# Unclear steps in derivation of normal equations in linear regression using linear algebra approach

How are eqs.(3.55) and (3.56) obtained? Especially, it is unclear how triangle inequality implies eq.(3.56) because we have squared norms.

• Please don't use screen shots for text excerpts. It makes the text inaccessible to search on this site. Commented Nov 12, 2023 at 14:07
• Can you provide more context and details of your reference? Seems here is just plain Euclidean norm with standard Minkowski triangle inequality, there shouldn't be and no need of square in the upper right position of all your 2-norms. Commented Nov 13, 2023 at 21:47
• Please see page 61 of: smlbook.org/book/sml-book-draft-latest.pdf Commented Nov 13, 2023 at 22:34

You're right in the linear algebra approach here it's inaccurate to keep all the squared forms of all the 2-norms to arrive at the normal equation of the ordinary least squares (OLS) method for choosing the unknown parameters $$\widehat{\theta}$$ in a linear regression model, and bear in mind that your reference is only a draft version.
Without the squares the same derivation looks ok, on one hand you get $$\|\mathbf{X\theta-y}\|_2=\|\mathbf{(X\theta-y_{\|})-y_{\perp}}\|_2 \geq \|\mathbf{y_{\perp}}\|_2$$, since the same reference reason as $$\mathbf{y_{\perp}}$$ is orthogonal to both $$\mathbf{y_{\|}}$$ and $$\mathbf{X\theta}$$ by their definition.
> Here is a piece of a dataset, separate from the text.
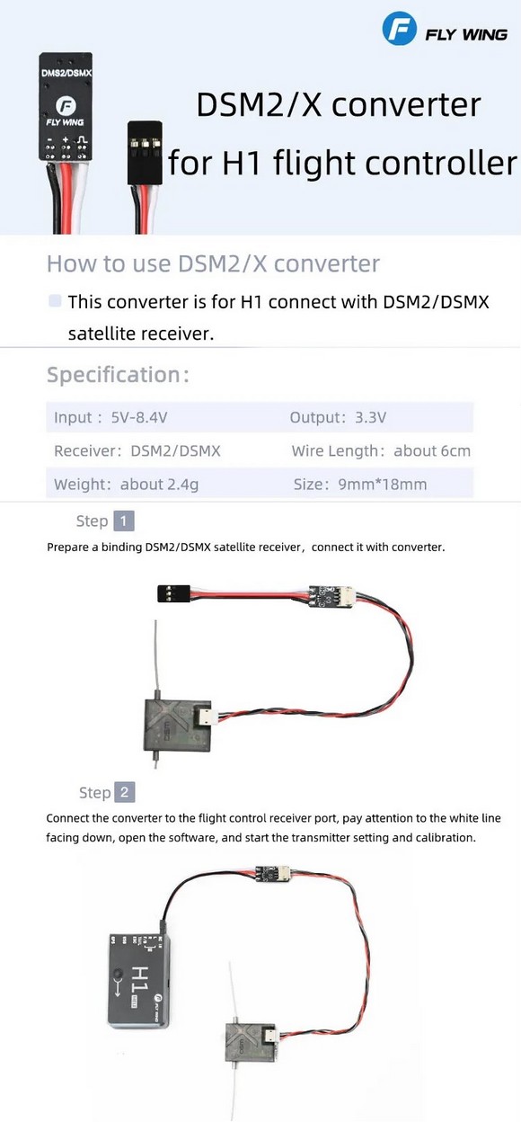 FlyWing DSM2 / DSMX Converter For H1 Flight Controller
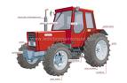 - l'animation de machines agricoles comportant des pièces rotatives ou des vérins, grâce à une prise de force le plus souvent localisée à l'arrière, ou à un dispositif hydraulique ou pneumatique.

On the other hand, by the same corresponding reference reason as triangle inequality you also get $$\|\mathbf{X\theta-y}\|_2=\|\mathbf{(X\theta-y_{\|})+(-y_{\perp})}\|_2 \leq \|\mathbf{X\theta-y_{\|}}\|_2 + \|\mathbf{-y_{\perp}}\|_2 = \|\mathbf{X\theta-y_{\|}}\|_2 + \|\mathbf{y_{\perp}}\|_2$$
Thus finally you arrive at the same conclusion that if $$\mathbf{X\theta=y_{\|}}$$ the least squared error $$\|\mathbf{X\theta-y}\|_2^2$$ is achieved as $$\|\mathbf{y_{\perp}}\|_2^2$$ and the normal equation (3.13) must hold simultaneously.